— WHAT THE EXERCISE ASKS —
After finding the line with "6月16日,上杭縣縣長羅劍帶" in the entries below, copy that line and each one after it exactly, through the last line, and omit pictures.

— DATA PROVIDED —
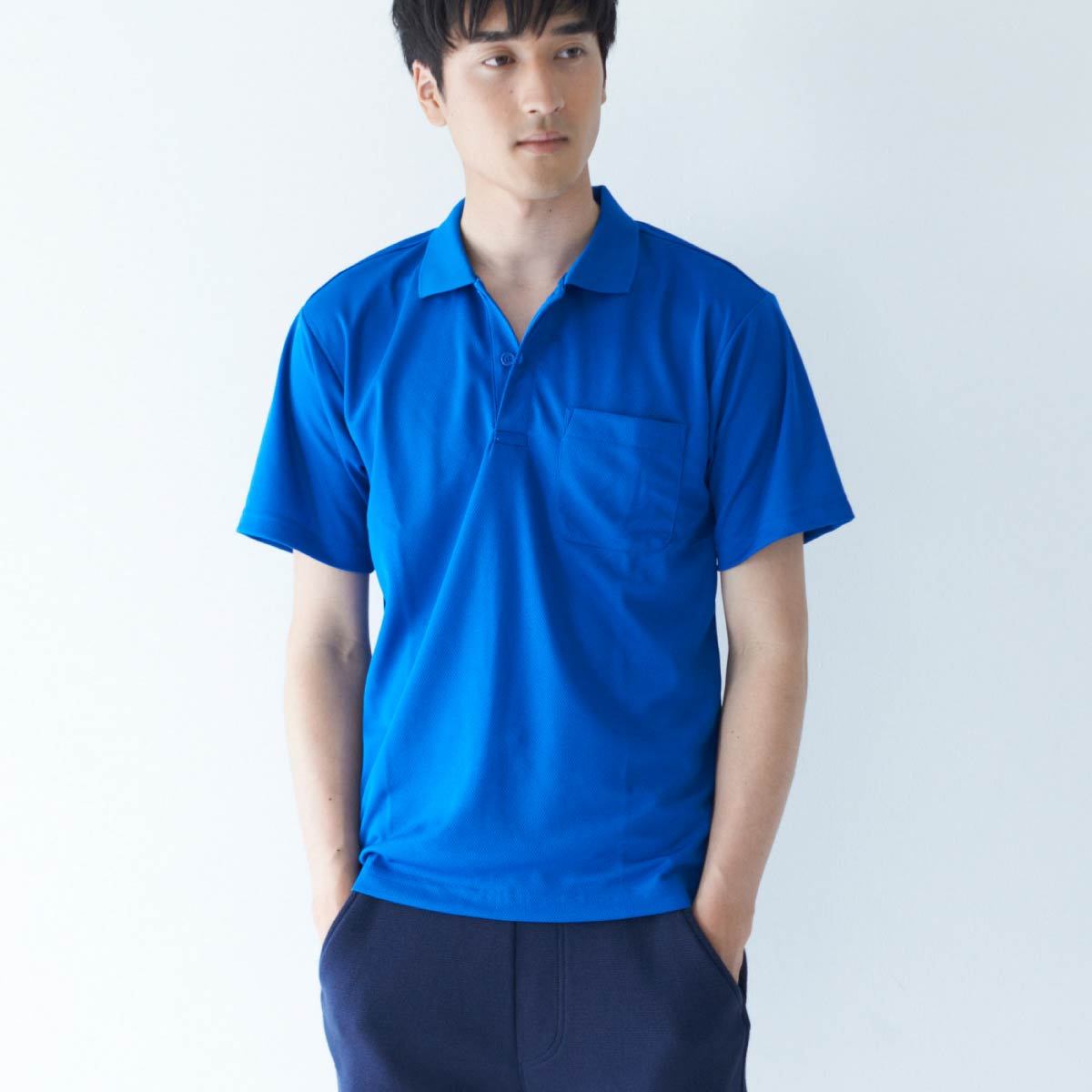 UVカット機能も備えた、ポケット付ドライポロシャツ。吸汗速乾性に優れたドライメッシュ素材を使用しました。
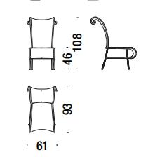Struttura in acciaio verniciato e fili colorati in polietilene intrecciati a mano. Sottopiedi in PVC.
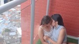 Passionate kisses with my ex-girlfriend and I caress her delicious pussy on the balcony
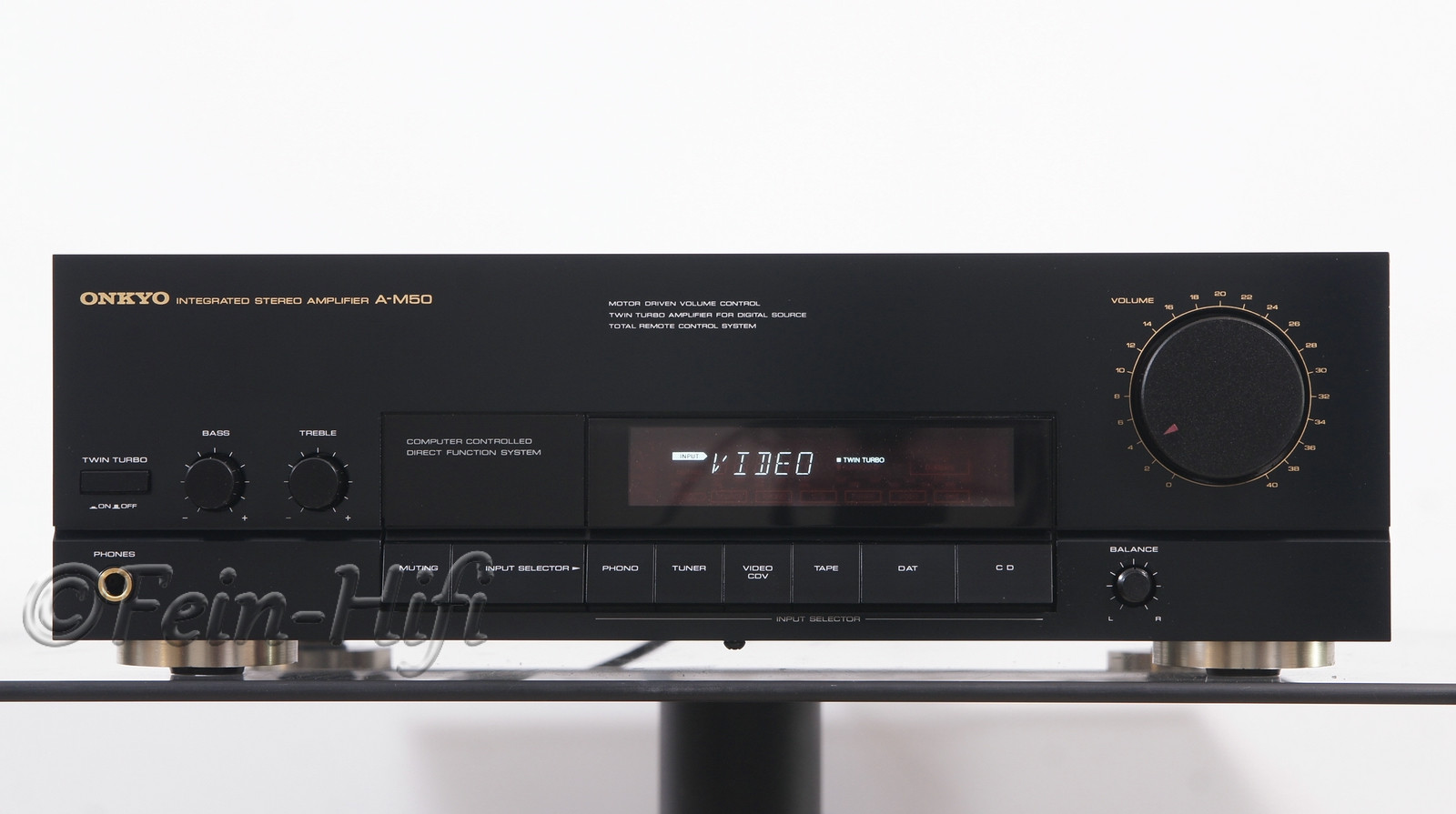 Der Onkyo A-M50 ist ein hochwertiger MIDI-Vollverstärker, der als kraftvolles Herzstück kompakter HiFi-Systeme konzipiert wurde. Während die Nennleistung konservativ mit 2 x 40 Watt an 8 Ohm angegeben wird, verfügt das Gerät über eine Sinusleistung von 2 x 60 Watt an 4 Ohm und bietet somit hohe Leistungsreserven für eine dynamische Wiedergabe. Ein technisches Highlight ist die lautstärkeabhängige TWIN-TURBO-Schaltung, die für eine gehörrichtige Bass- und Höhenanhebung sorgt und zusammen mit der Selective Tone Control ein besonders voluminöses Klangbild ermöglicht. Für eine präzise Anpassung stehen zudem klassische Klangregler für Bass und Höhen mit einem Bereich von jeweils ± 10 dB zur Verfügung. Die Ausstattung ist mit einer digitalen Anzeige der aktiven Tonquelle äußerst komfortabel. Insgesamt stehen sechs Eingänge für Phono MM, Video, CD, Tuner, Tape und DAT zur Verfügung, ergänzt durch zwei Ausgänge für Tape und DAT. Zusätzlich bietet der Verstärker einen speziellen Ein- und Ausgang für einen externen Equalizer, Anschlüsse für zwei Lautsprecher sowie einen Kopfhöreranschluss an der Front.
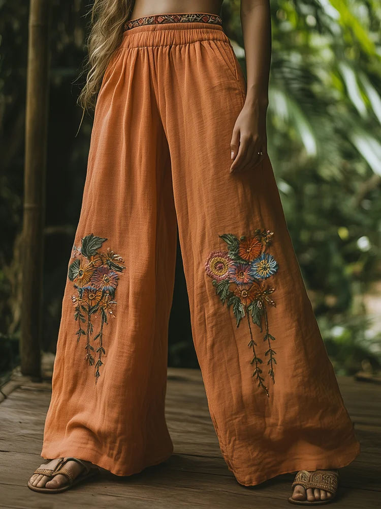 Women's Tribal Floral Embroidered Linen Lounge Pants
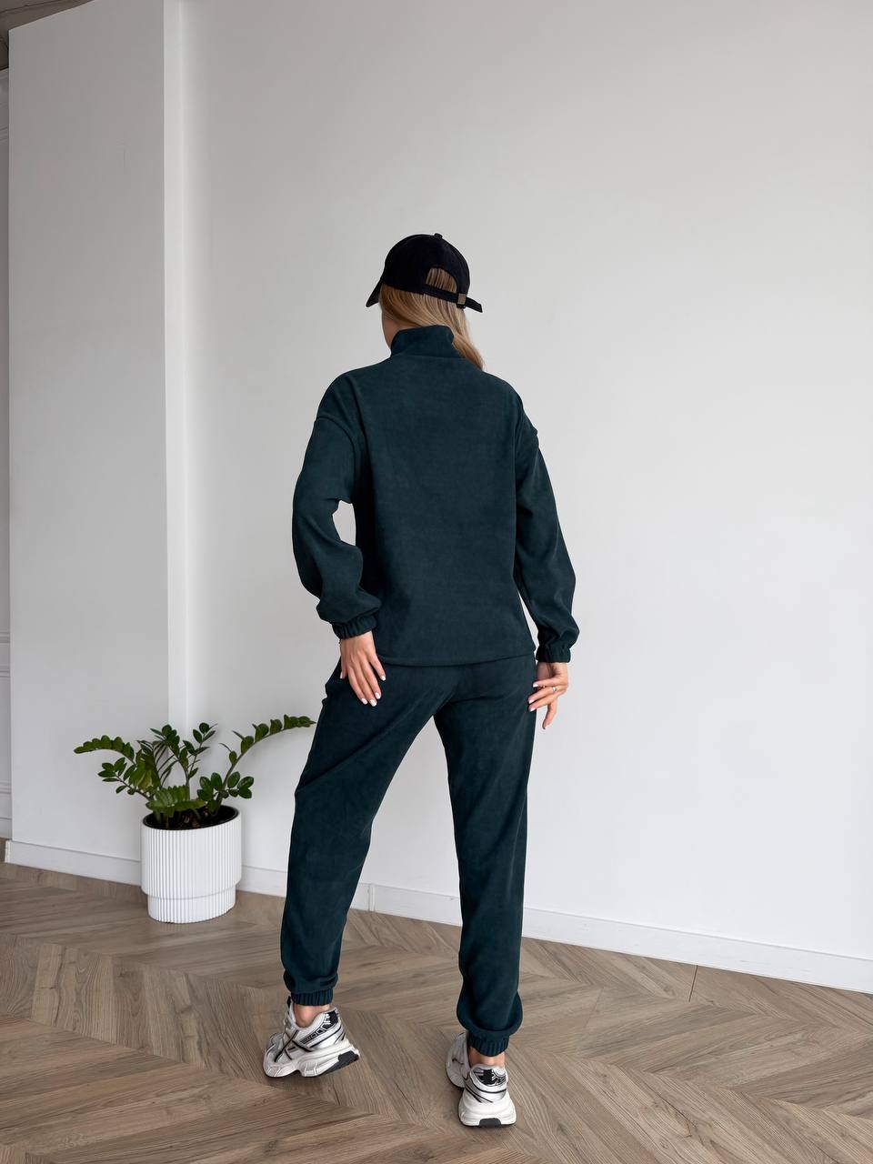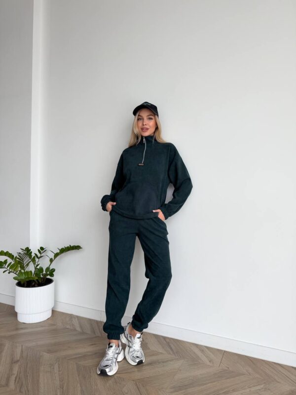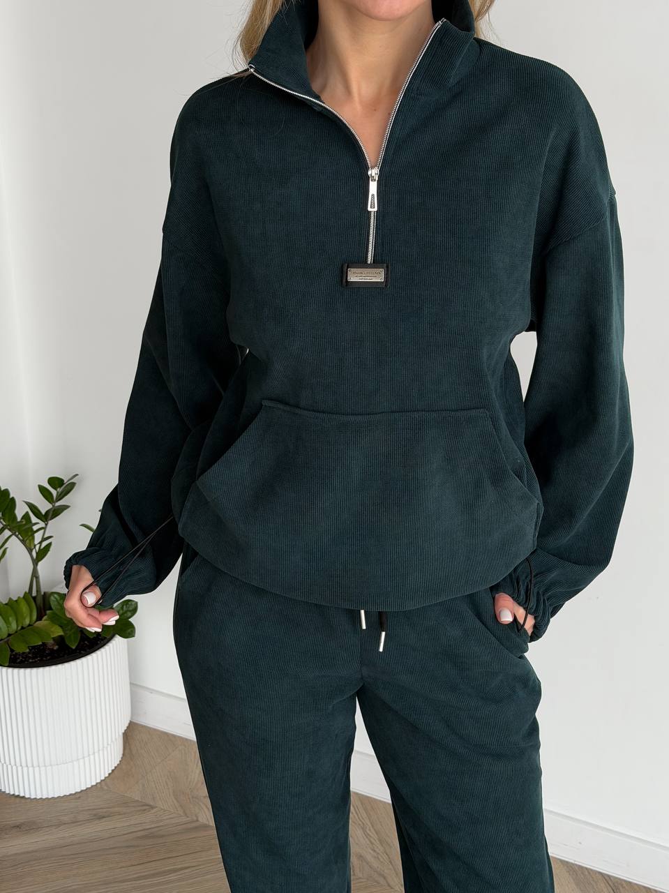 Жіночий костюм з вельвету смарагдового кольору –  ідеально підходить для щоденного носіння, прогулянок або відпочинку. Модель виконана з якісної тканини трикотажний вільвет — м’якої, приємної до тіла та практичної у носінні. Матеріал добре тримає форму, виглядає стильно та забезпечує комфорт протягом усього дня.
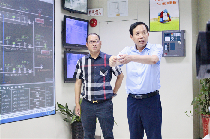 6月16日,上杭縣縣長羅劍帶領住建局、消防大隊、市場監(jiān)督局等縣局主要負責人蒞臨上杭曠遠龍翔儲配站開展燃氣安全生產(chǎn)檢查。羅縣長一行在上杭曠遠能源副總經(jīng)理李軍的陪同下,深入現(xiàn)場了解天然氣安全生產(chǎn)工作。在中控室,副總經(jīng)理李軍向縣長等一行領導匯報了上杭曠遠目前安全管理現(xiàn)狀,詳細介紹了SCADA遠程監(jiān)控系統(tǒng),通過縣城的四個遠程監(jiān)控點,實時監(jiān)控燃氣輸送壓力,保障管道輸氣的安全,安排專人對低壓管線進行巡查,入戶..
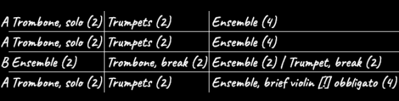 The second chorus keeps changing the lead in continuous two and four-bar increments; reversing the order for the bridge is another nice touch:
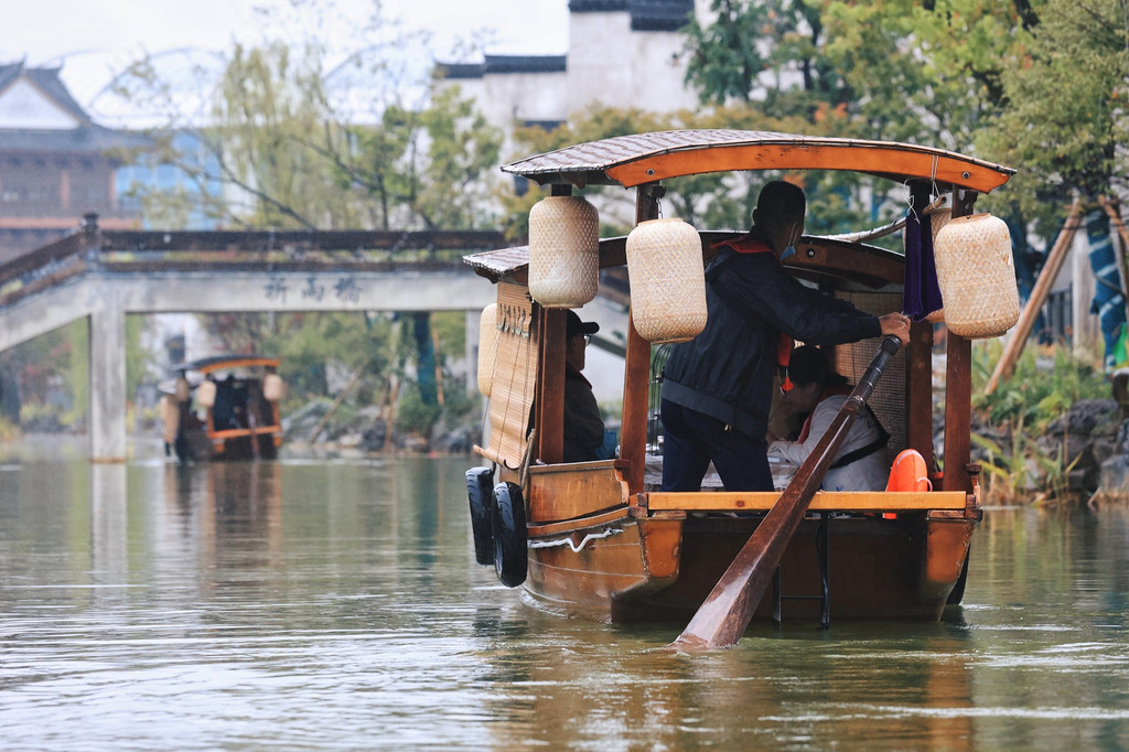 游船下午茶也是景区一大特色,秋日里,乘坐摇橹船徜徉在徽州水路之上,不急不慢,缓缓而进,粉墙黛瓦,青山入画,江南的秀美风光尽收眼底。
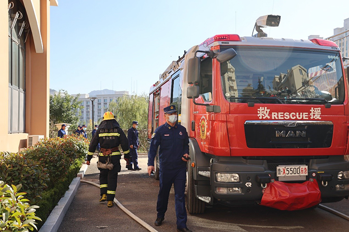• 本站讯校园属人员高度聚集的公共场所,消防安全历来是学校安全的重中之重。为有效增强师生员工消防安全意识和自防自救能力,保障校园平安,中国海洋大学于11月9日全国消防日,在崂山校区工程训练中心组织开展消防应急疏散演练活动,150余名师生员工参加了演练活动。崂山区世园消防救援中队消防员现场指导。保卫处提前与世园消防救援中队对接,确定演练内容,细化演练方案,安排部署各条疏散路线及疏散引导人员,告知注意事项,确保消防演练安全有序进行。11月9日上午9时40分,随着警报声响起,参与演练的师生员工在安保人员的引导下,根据疏散标志指引,从工程训练中心各楼层选择就近逃生路线,快速有序地撤离到室外安全区域。师生员工安全撤离到安全区域后,安保人员清点人数,在确保安全后组织大家在工程训练中心南侧平台上观摩消防车入场灭火。世园消防救援中队消防车拉响警报沿消防车道进入指定地点,消防员升起钢梯、连接水枪,开始对指定“起火点”进行喷射,灭火组人员寻找到室外消火栓,连接水带协助消防车共同“灭火”。穿戴防护服、自持式呼吸器的消防员,携带便携式灭火器和破拆工具等装备冲进楼内,将楼顶被困人员救出“火场”。世园消防救援中队消防
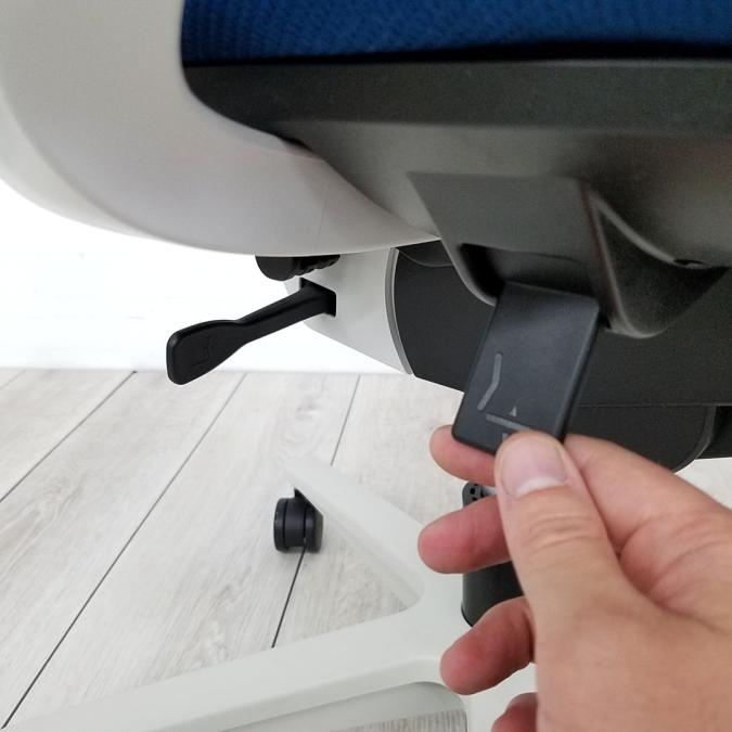 (ファブリック) - レバーを上下させることで、内蔵されたランバーサポートプレートの押し出し量を2段階(15㎜)切り替えることができます。
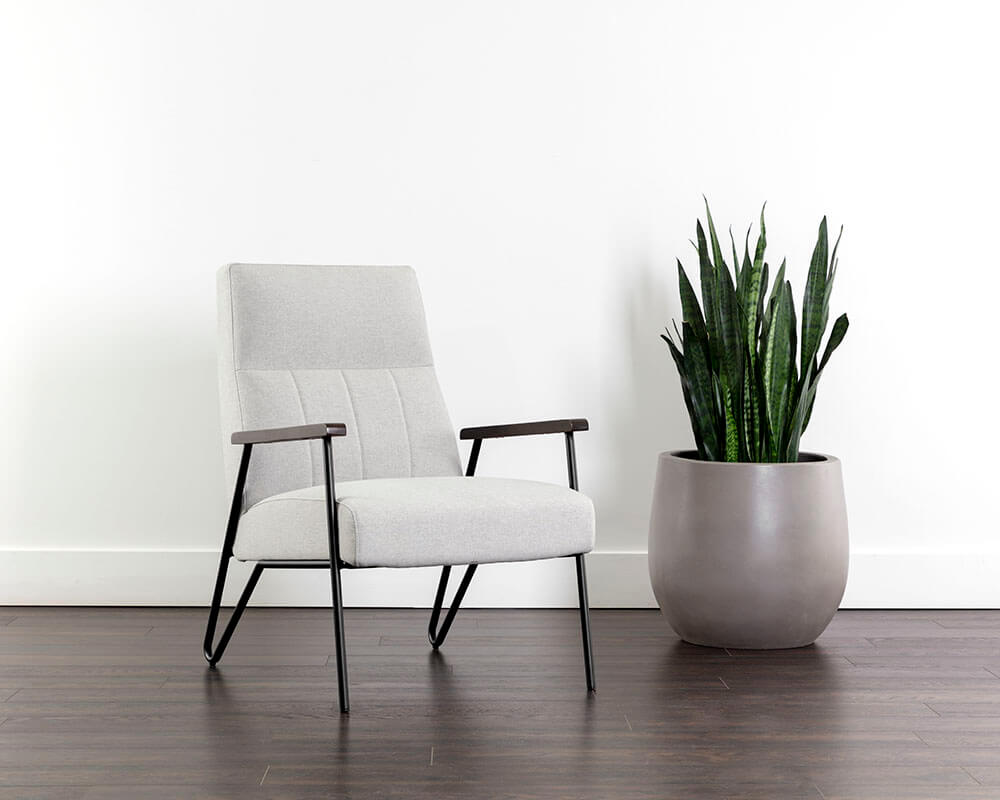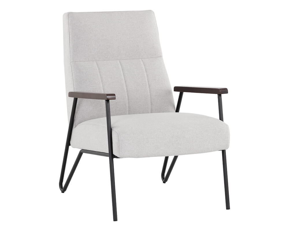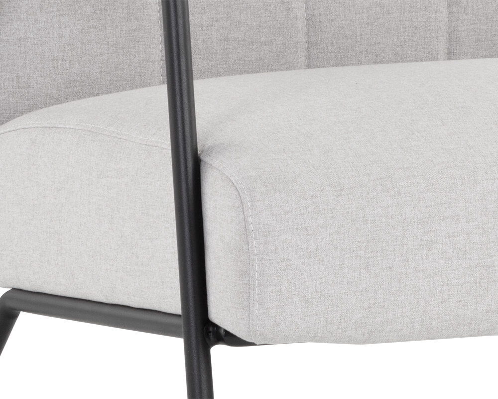 Inspired by mid-century modern design, this lounge chair is full of comfort and style. Upholstered in light grey fabric with vertical tufting on the seat interior. Completed with a black powder coated steel base. Also available in bounce nut and stone faux leathers.
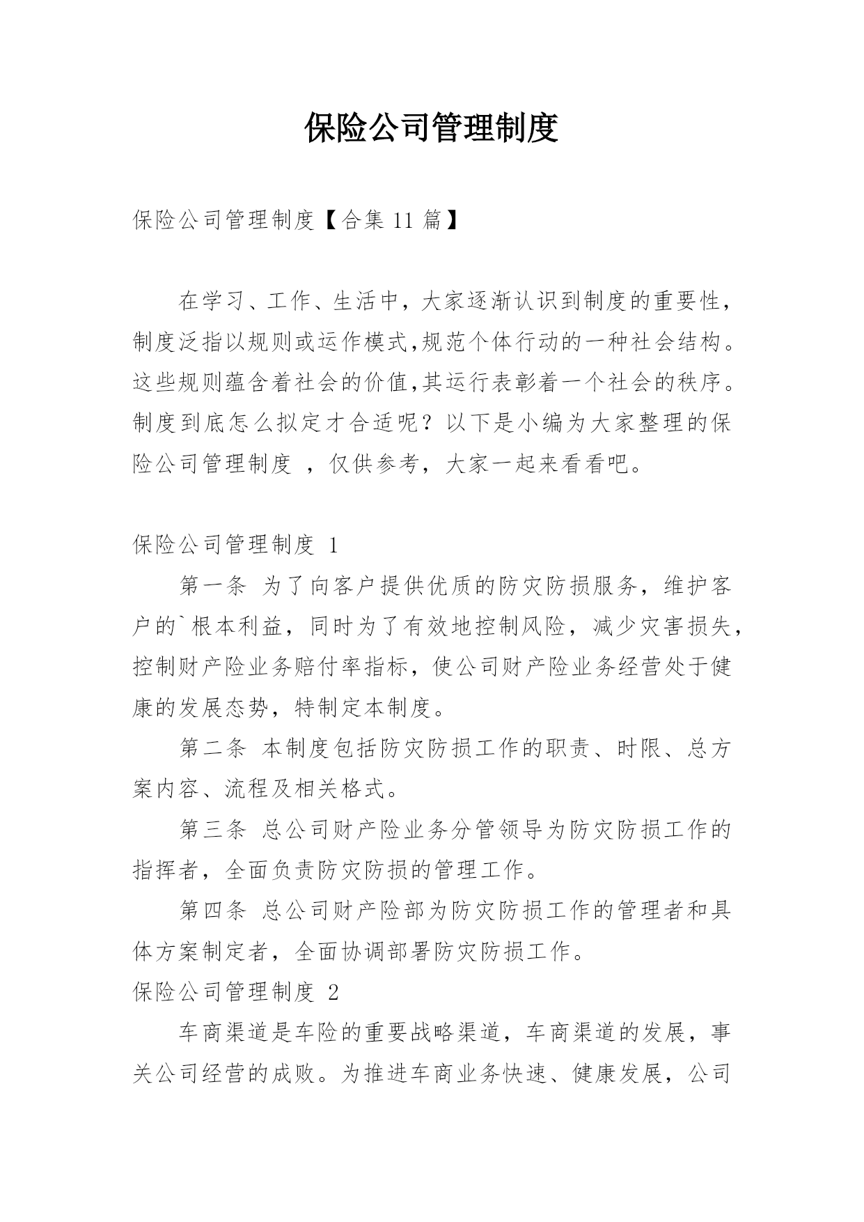 保险公司管理制度保险公司管理制度【合集11篇】在学习、工作、生活中,大家逐渐认识到制度的重要性,制度泛指以规则或运作模式,规范个体行动的一种社会结构。这些规则蕴含着社会的价值,其运行表彰着一个社会的秩序。制度到底怎么拟定才合适呢?以下是小编为大家整理的保险公司管理制度,仅供参考,大家一起来看看吧。保险公司管理制度1第一条为了向客户提供优质的防灾防损服务,维护客户的`根本利益,同时为了有效地控制风险,减少灾害损失,控制财产险业务赔付率指标,使公司财产险业务经营处于健康的发展态势,特制定本制度。第二条本制度包

— EXERCISE RESPONSE —
 6月16日,上杭縣縣長羅劍帶領住建局、消防大隊、市場監(jiān)督局等縣局主要負責人蒞臨上杭曠遠龍翔儲配站開展燃氣安全生產(chǎn)檢查。羅縣長一行在上杭曠遠能源副總經(jīng)理李軍的陪同下,深入現(xiàn)場了解天然氣安全生產(chǎn)工作。在中控室,副總經(jīng)理李軍向縣長等一行領導匯報了上杭曠遠目前安全管理現(xiàn)狀,詳細介紹了SCADA遠程監(jiān)控系統(tǒng),通過縣城的四個遠程監(jiān)控點,實時監(jiān)控燃氣輸送壓力,保障管道輸氣的安全,安排專人對低壓管線進行巡查,入戶..
 The second chorus keeps changing the lead in continuous two and four-bar increments; reversing the order for the bridge is another nice touch:
 游船下午茶也是景区一大特色,秋日里,乘坐摇橹船徜徉在徽州水路之上,不急不慢,缓缓而进,粉墙黛瓦,青山入画,江南的秀美风光尽收眼底。
• 本站讯校园属人员高度聚集的公共场所,消防安全历来是学校安全的重中之重。为有效增强师生员工消防安全意识和自防自救能力,保障校园平安,中国海洋大学于11月9日全国消防日,在崂山校区工程训练中心组织开展消防应急疏散演练活动,150余名师生员工参加了演练活动。崂山区世园消防救援中队消防员现场指导。保卫处提前与世园消防救援中队对接,确定演练内容,细化演练方案,安排部署各条疏散路线及疏散引导人员,告知注意事项,确保消防演练安全有序进行。11月9日上午9时40分,随着警报声响起,参与演练的师生员工在安保人员的引导下,根据疏散标志指引,从工程训练中心各楼层选择就近逃生路线,快速有序地撤离到室外安全区域。师生员工安全撤离到安全区域后,安保人员清点人数,在确保安全后组织大家在工程训练中心南侧平台上观摩消防车入场灭火。世园消防救援中队消防车拉响警报沿消防车道进入指定地点,消防员升起钢梯、连接水枪,开始对指定“起火点”进行喷射,灭火组人员寻找到室外消火栓,连接水带协助消防车共同“灭火”。穿戴防护服、自持式呼吸器的消防员,携带便携式灭火器和破拆工具等装备冲进楼内,将楼顶被困人员救出“火场”。世园消防救援中队消防
 (ファブリック) - レバーを上下させることで、内蔵されたランバーサポートプレートの押し出し量を2段階(15㎜)切り替えることができます。
 Inspired by mid-century modern design, this lounge chair is full of comfort and style. Upholstered in light grey fabric with vertical tufting on the seat interior. Completed with a black powder coated steel base. Also available in bounce nut and stone faux leathers.
 保险公司管理制度保险公司管理制度【合集11篇】在学习、工作、生活中,大家逐渐认识到制度的重要性,制度泛指以规则或运作模式,规范个体行动的一种社会结构。这些规则蕴含着社会的价值,其运行表彰着一个社会的秩序。制度到底怎么拟定才合适呢?以下是小编为大家整理的保险公司管理制度,仅供参考,大家一起来看看吧。保险公司管理制度1第一条为了向客户提供优质的防灾防损服务,维护客户的`根本利益,同时为了有效地控制风险,减少灾害损失,控制财产险业务赔付率指标,使公司财产险业务经营处于健康的发展态势,特制定本制度。第二条本制度包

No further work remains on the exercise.